AWS Startups Blog

Monitoring SageMaker ML models with WhyLabs

Guest post written by Danny D. Leybzon, WhyLabs MLOps Architect and Ganapathi Krishnamoorthi, AWS Solutions Architect

WhyLabsAs the real-world changes, machine learning models degrade in their ability to accurately represent it, resulting in model performance degradation. That’s why it’s important for data scientists and machine learning engineers to support models with tools that provide ML monitoring and observability, thereby preventing that performance degradation. In this blog post, we will dive into the WhyLabs AI Observatory, a data and ML monitoring and observability platform, and show how it complements Amazon SageMaker.

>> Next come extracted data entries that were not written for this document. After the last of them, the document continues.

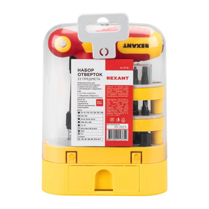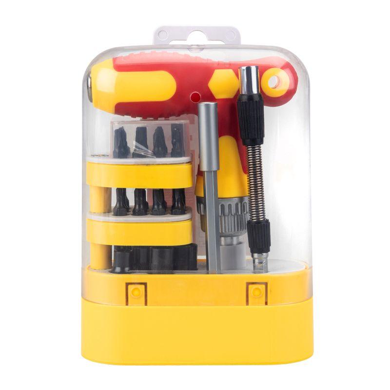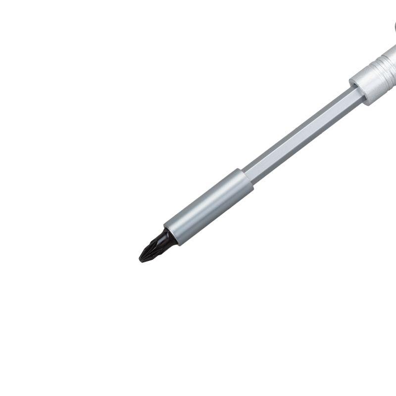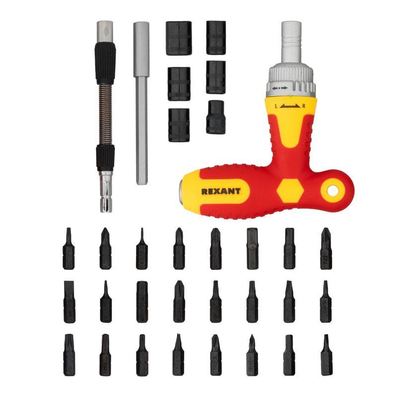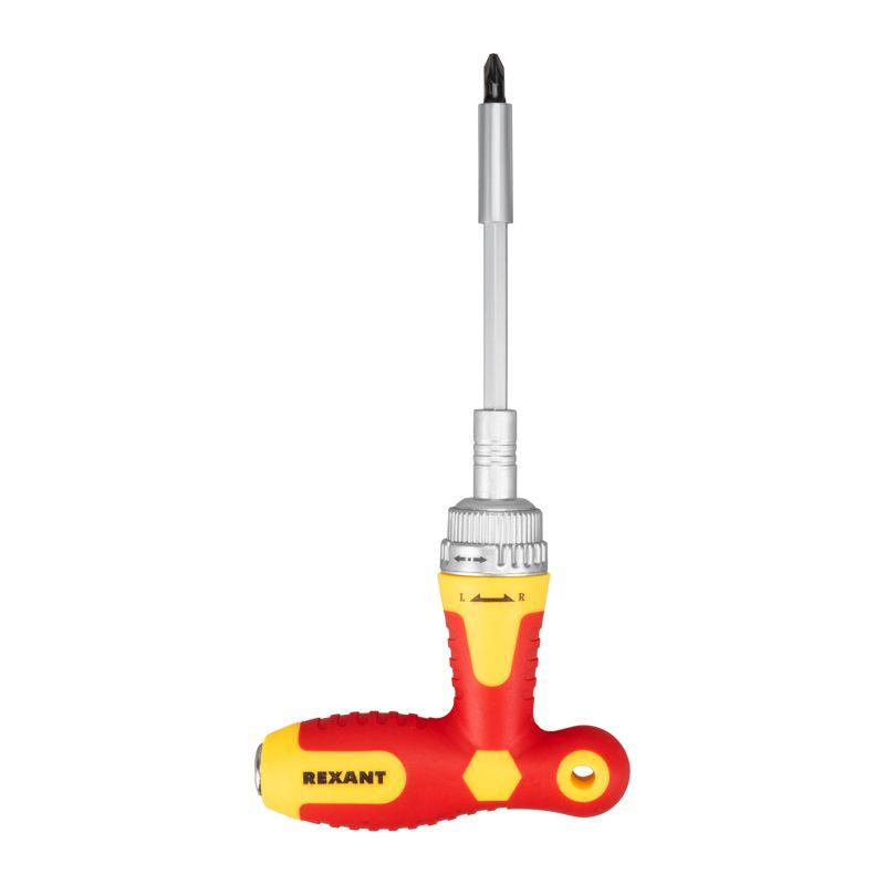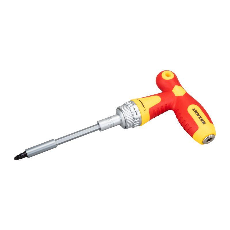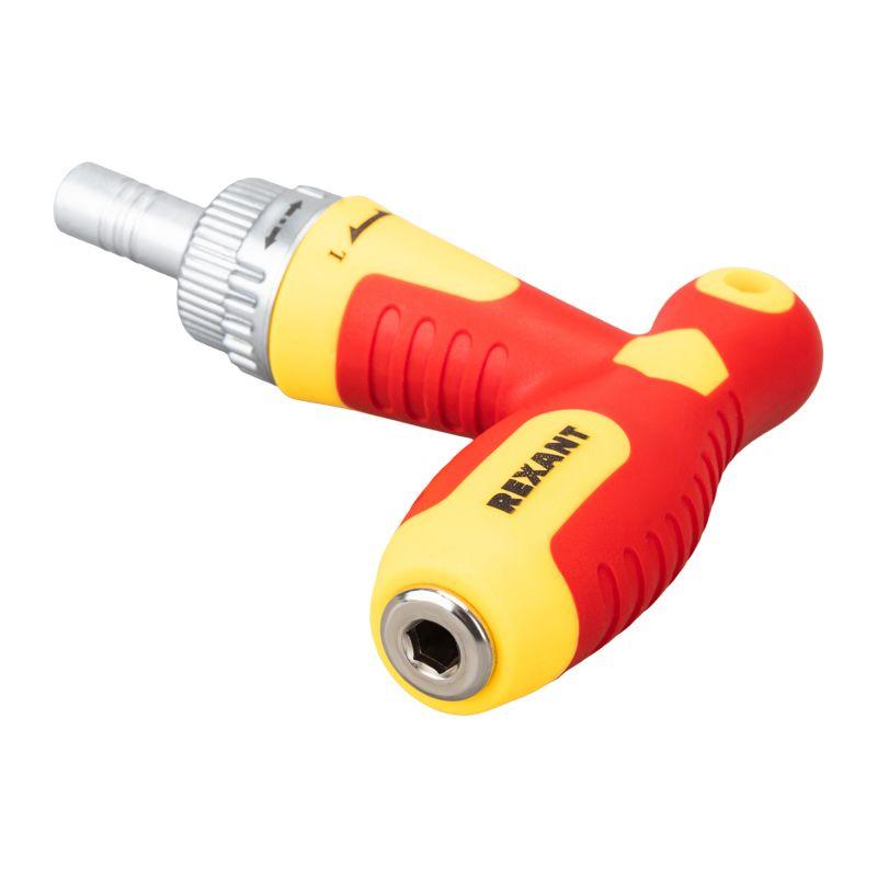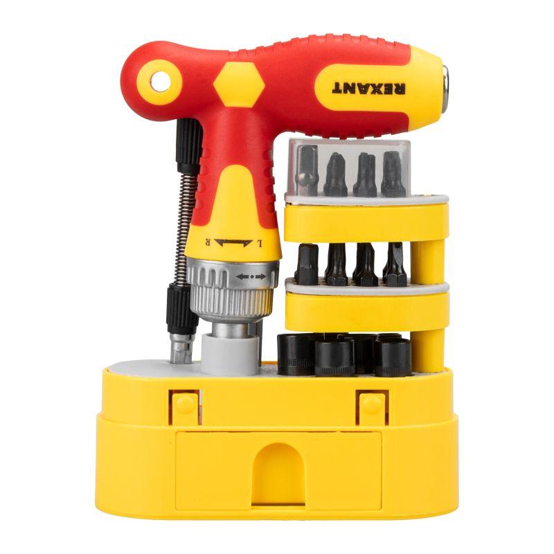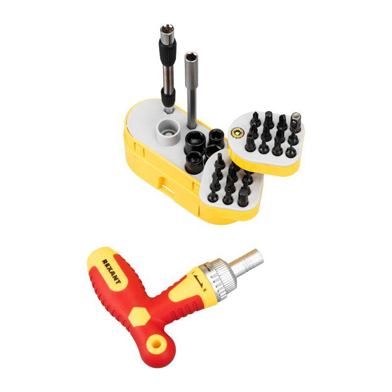 Т-образная отвертка 2 в 1 оснащена реверсивным механизмом (реверс по часовой стрелке/против часовой стрелки/фиксация), а также стандартным отверстием под насадки для создания классического инструмента. В основании есть отверстие, которое может использоваться для создания дополнительного рычага усилия при работе, если установить в него металлический пруток. Двухкомпонентная рукоятка оснащена магнитным держателем, что обеспечивает быструю замену и надежную фиксацию бит. Для удобства хранения и транспортировки набор поставляется в органайзере, который оснащен отсеком для хранения мелкого крепежа.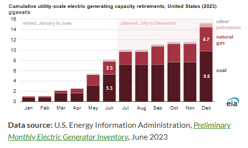 Retired capacity: Of the 15.3 GW of electric generating capacity that U.S. operators plan to retire in 2023, more than half (8.2 GW) was retired in the first half of the year. According to operator plans, coal-fired power plants will account for 64% of the retirements by the end of the year, followed by natural gas (30%). In 2023, operators expect 9.8 GW of coal-fired capacity to retire, 5% of the U.S. coal-fired capacity that was operating at the start of the year.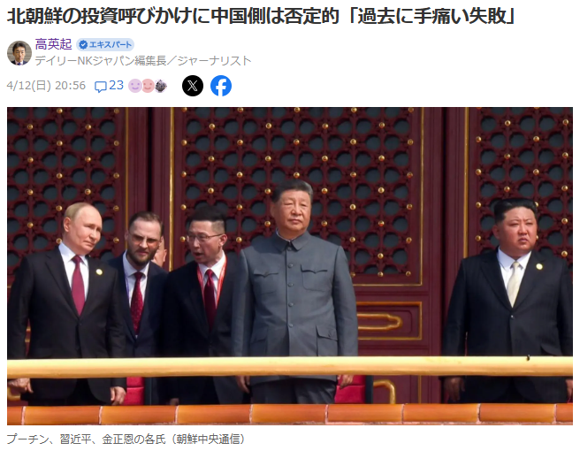 ●北朝鮮の投資呼びかけに中国側は否定的「過去に手痛い失敗」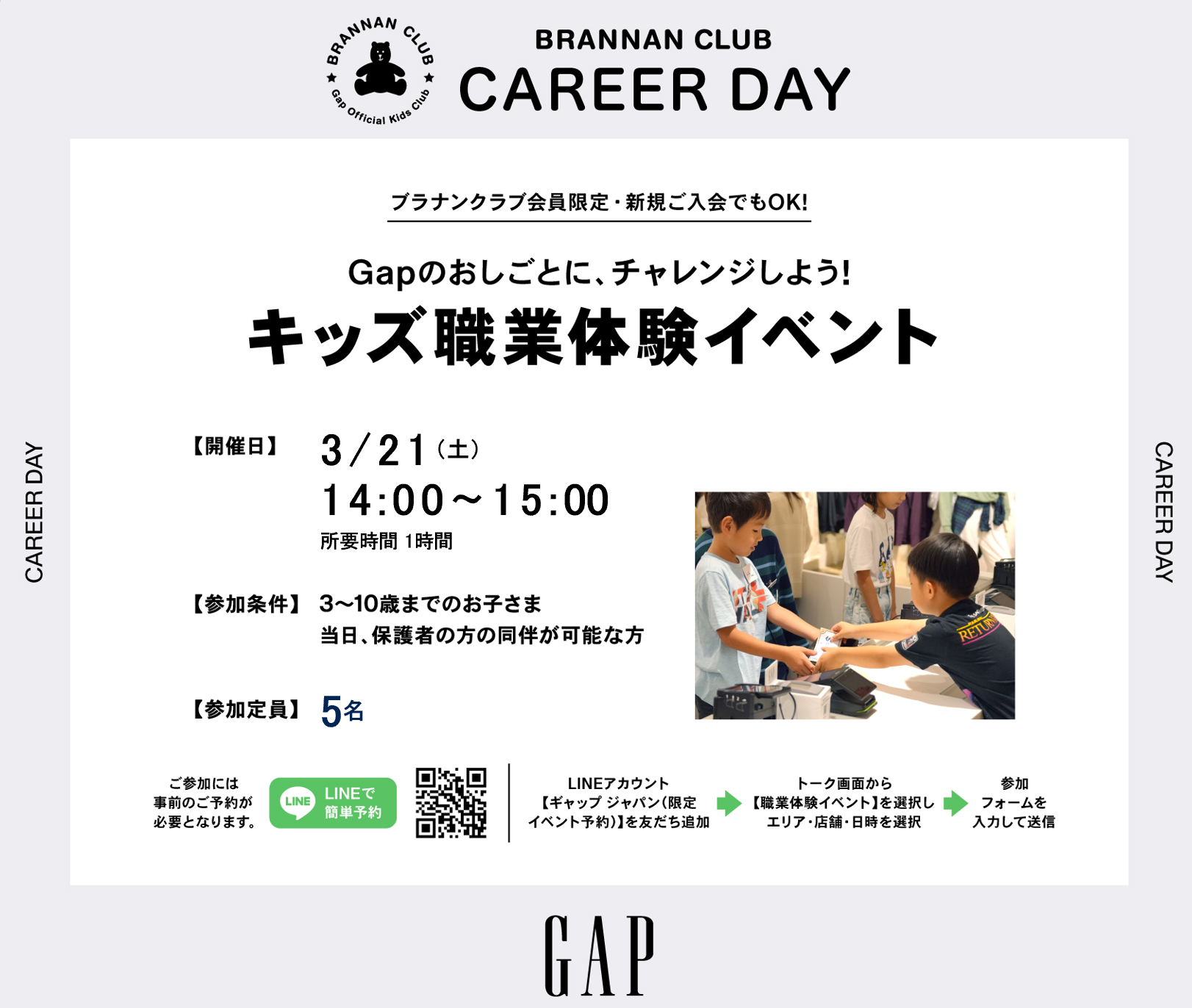 参加方法:LINEアカウント【ギャップジャパン(限定イベント予約)】を友達追加から参加フォームへ入力送信

Amazon SageMaker is incredibly powerful for training and deploying machine learning models at scale. WhyLabs allows you to monitor and observe your machine learning model, ensuring that it doesn’t suffer from performance degradation and continues to provide value to your business. Today, we’re going to demonstrate how to use WhyLabs to identify training-serving skew in a computer vision example for a model trained and deployed with SageMaker. WhyLabs is unique in its ability to monitor computer vision models and image data; whylogs library is able to extract features and metadata from images, as described in Detecting Semantic Drift within Image Data. The ability to create profiles based on images means that users can identify differences between training data and serving data and understand whether they need to retrain their models.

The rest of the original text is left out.